We don’t quite know what Ed Miliband would really do about a lot of things just yet: this is the year when he plans (and desperately needs) to set that out so Labour isn’t just an Opposition that complains about things being expensive but a party that voters can imagine governing. But it’s significant that one of the policy areas where Miliband has felt it is important to get a lot of detail out pretty early is immigration. He, and everyone around him, is acutely aware that though their personal instincts might be to argue for the benefits of mass immigration to this country, the voters, rightly or wrongly, aren’t quite so keen. I look at the party’s new tough stance on immigration for the politics column in this week’s Spectator.
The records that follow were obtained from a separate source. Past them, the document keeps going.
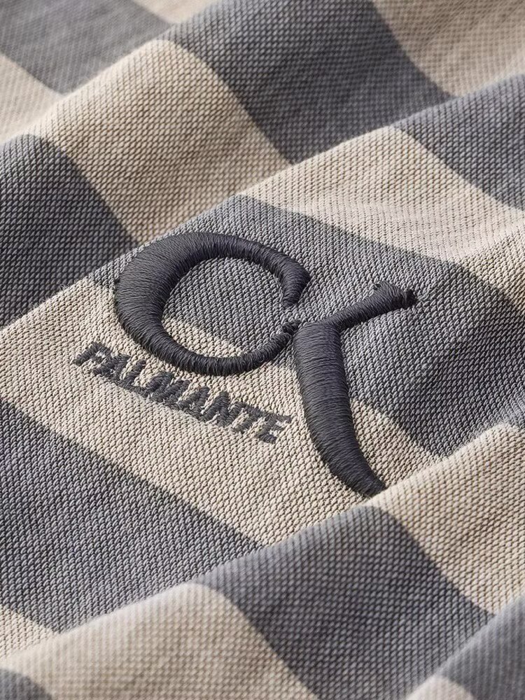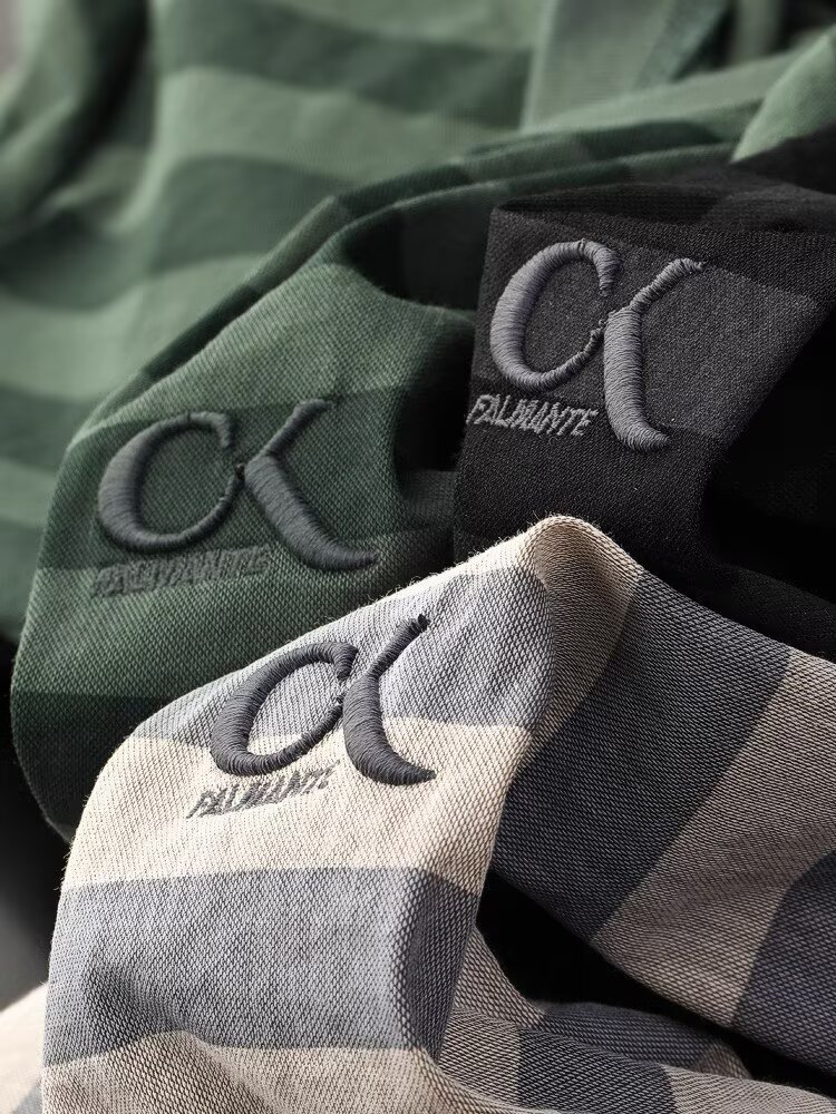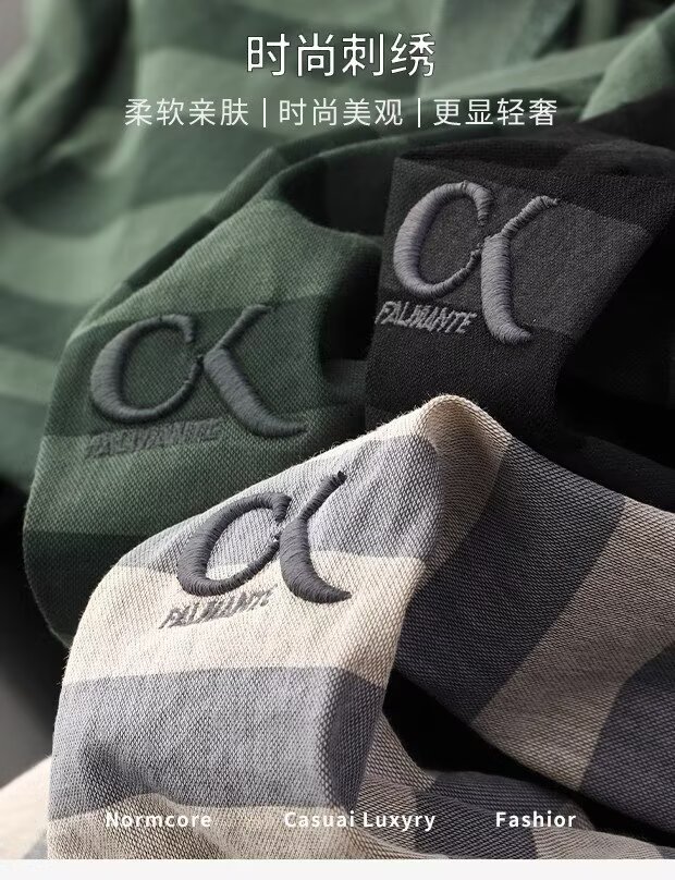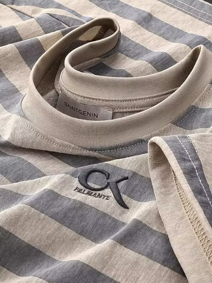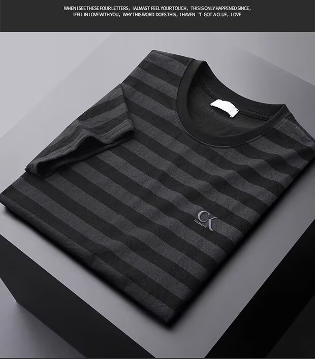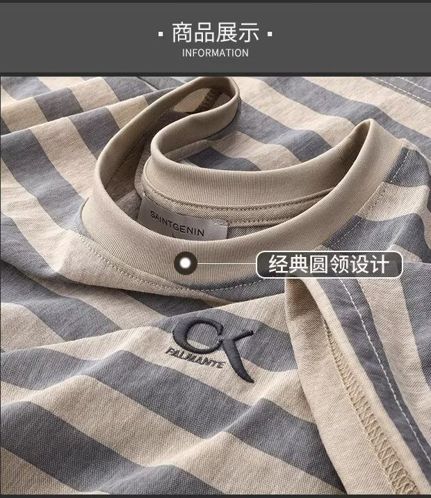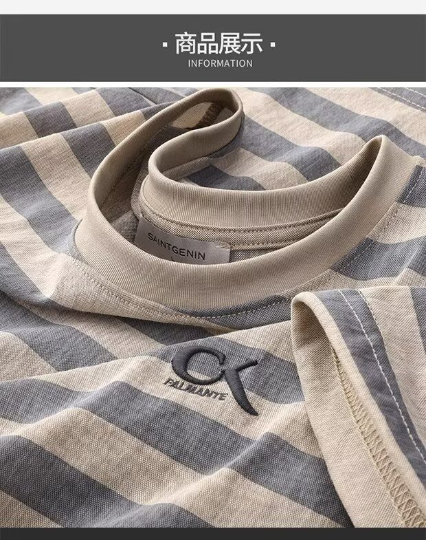 새로운 줄무늬 얼음 실크 모조 린넨 반팔 남성 슬림 여름 얇은 수 놓은 라운드 넥 반팔 티셔츠스토어 가기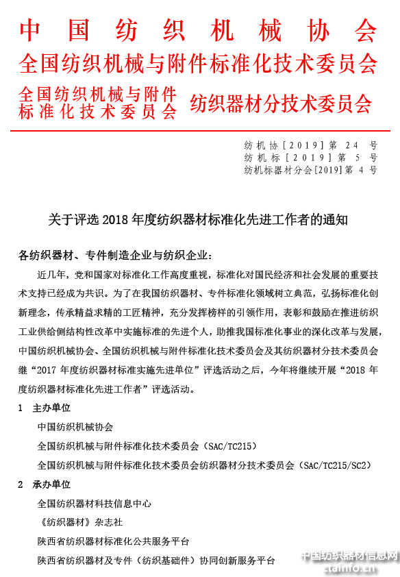 SO,如果您满足以上条件,快来参与“2018年度纺织器材标准化先进工作者”评选活动吧!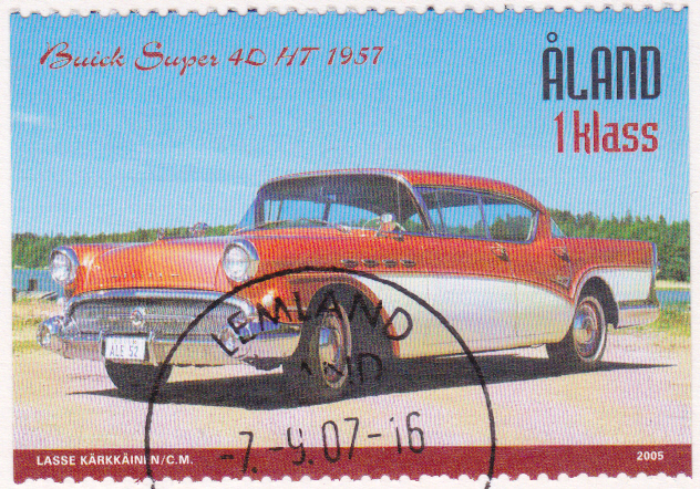 Auf einer Marke der Alandinseln (MiNr 249) ist ein Buick Super 4D HT aus dem Jahre 1957 abgebildet.

There is a debate about whether a tougher stance on immigration is the right one to take, and interestingly it is being played out mainly by those on the right of the party rather than the left. But it is entirely understandable from a political perspective that Labour should look back at what happened in 2010 and feel that a different direction on immigration is needed. Some senior ministers were agitating for greater recognition of voter concerns about the social impact of immigration in the parliamentary party as far back as 2006, but it took Gillian Duffy and the drubbing at the polls to drive that home.
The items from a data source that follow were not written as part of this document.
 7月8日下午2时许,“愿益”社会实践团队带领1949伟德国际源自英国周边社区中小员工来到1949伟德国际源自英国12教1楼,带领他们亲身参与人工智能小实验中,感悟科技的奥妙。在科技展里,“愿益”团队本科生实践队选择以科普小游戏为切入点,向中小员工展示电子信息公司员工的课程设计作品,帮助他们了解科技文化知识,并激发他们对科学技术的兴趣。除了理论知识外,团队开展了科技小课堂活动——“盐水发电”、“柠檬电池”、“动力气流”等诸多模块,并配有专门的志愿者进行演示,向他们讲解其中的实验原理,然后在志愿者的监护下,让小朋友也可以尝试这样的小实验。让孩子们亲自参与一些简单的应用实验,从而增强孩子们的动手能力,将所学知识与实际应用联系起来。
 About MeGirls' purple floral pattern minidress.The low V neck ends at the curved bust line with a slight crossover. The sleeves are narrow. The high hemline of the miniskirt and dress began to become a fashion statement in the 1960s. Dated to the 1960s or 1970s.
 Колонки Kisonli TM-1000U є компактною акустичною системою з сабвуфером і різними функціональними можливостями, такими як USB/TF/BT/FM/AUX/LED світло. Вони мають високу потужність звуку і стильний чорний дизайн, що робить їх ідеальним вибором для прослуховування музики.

For almost all the detail that the party has put out so far on where it stands on immigration, it’s worth reading Yvette Cooper’s speech to the IPPR in March 2013. She and colleagues are also considering plans for reform of freedom of movement in the EU which could form part of the party’s offer in the European elections on 22 May, I understand. This might be quite useful if, as currently expected, Labour does not go into that election campaign offering a referendum on Britain’s membership of Europe.
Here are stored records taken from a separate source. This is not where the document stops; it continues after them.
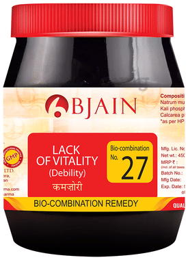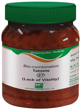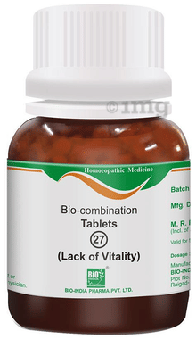 Bjain Bio-Combination No. 27 Tablet is a homoeopathic medicine that is useful in the treatment of weakness and debility. Bio combination 27 contains a balanced combination of essential bio-chemic salts which help in maintaining optimum electrolyte balance and vitality in our body. It is also effective in the treatment of lassitude and premature ejaculation.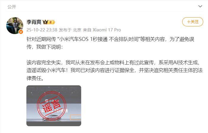 针对近期网传“小米汽车SOS1秒接通,不含排队时间”等相关内容,小米汽车副总裁李肖爽发文称,该内容完全失实,公司从未在发布会上或物料上有过此宣传,系采用AI技术生成、造谣诋毁小米汽车。公司已对该内容进行证据保全,并坚决追究相关责任主体的法律责任。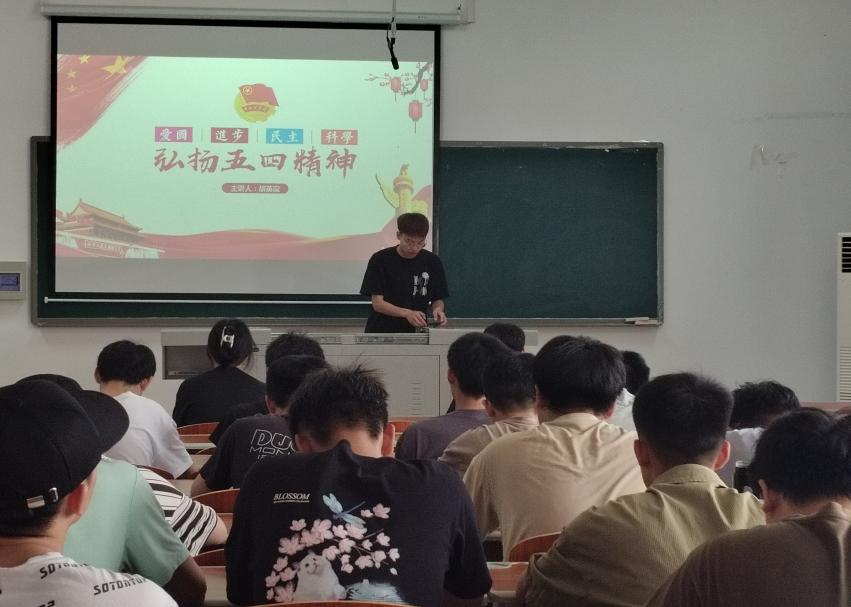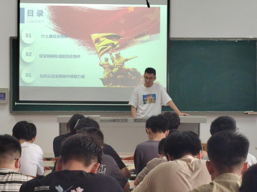 学生党员赵一韩从延安精神形成的历史条件、延安精神的原生形态和主要内容、延安精神的时代价值和让延安精神放射出新的时代光芒四个部分为同学们逐一讲解。讲述了以毛泽东同志为代表的中国共产党人在延安时期的特殊历史阶段,在争取民族独立和人民解放事业的伟大斗争实践中,培养、形成和发展起来这一崇高革命精神和优良革命传统。学生党员胡英豪以“传承五四薪火 谱写青春华章”为主题,讲解“五四运动”的历史意义、时代意义及如何传承五四精神,号召大家作为青年人应当有理想,有本领,有担当,要传承发扬五四精神,落实五四精神,不能只停留在口号上。要学习五四精神,做一位进步爱国青年,勇于创造,甘于奉献。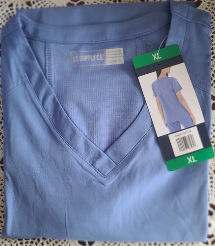 This sale is for One (1) BT Supply Co Brand Scrub Top Ladies' Size Extra Large (XL) Size conversion = Size 16 Back body length measures approximately 29.25" V-Neck Blue in color Front princess seams Vented mesh back yoke Side slits @ hem Short sleeves Two (2) deep ~ front patch pockets with inner pocket bungee cord 90% Polyester ~ 10% Spandex ~ Quick Drying Fabric Trim ~ 100% Polyester Lightweight Machine wash ~ Tumble dry Scrub top is new with tags Please view photos for a good description of this item Thank you!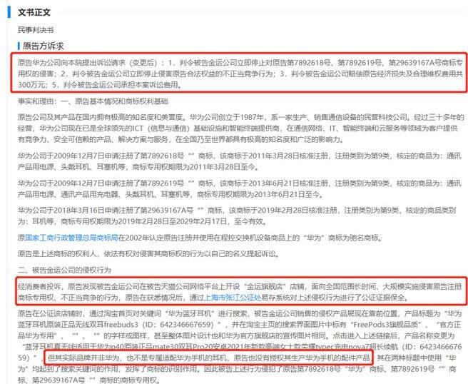 企查查APP顯示,近日,浙江省杭州市余杭區(qū)人民法院公布一起侵權(quán)華為商標(biāo)及不正當(dāng)競爭糾紛的案件。華為技術(shù)有限公司經(jīng)消費(fèi)者投訴,發(fā)現(xiàn)被告深圳市金運(yùn)視訊設(shè)備有限公司在其網(wǎng)店中銷售未經(jīng)授權(quán)的多款華為耳機(jī),面向全國范圍長時間、大規(guī)模實(shí)施侵害原告注冊的“華為”“HUAWEI”“FREEBUDS”商標(biāo)專用權(quán)。

But for the 2015 campaign, there is one question that the party will have to answer that may confirm or undermine suspicions that voters have about where its heart truly is on this issue. The signs are currently that the Tories will not meet their target to cut net migration to the ‘tens of thousands’. But in the leaders’ debates, Cameron should still be able to get away with saying that immigration is down (it already formed one of the key achievements that his party plastered all over Manchester Central at the 2013 autumn conference), and that while the target wasn’t reached in this government, only by sticking with the Tories will voters be able to see immigration fall further. If Labour has either failed to commit to the flawed but tangible net migration target or failed to develop its own tangible target, then any tough-sounding language on this subject will also sound rather empty in the run-up to polling day.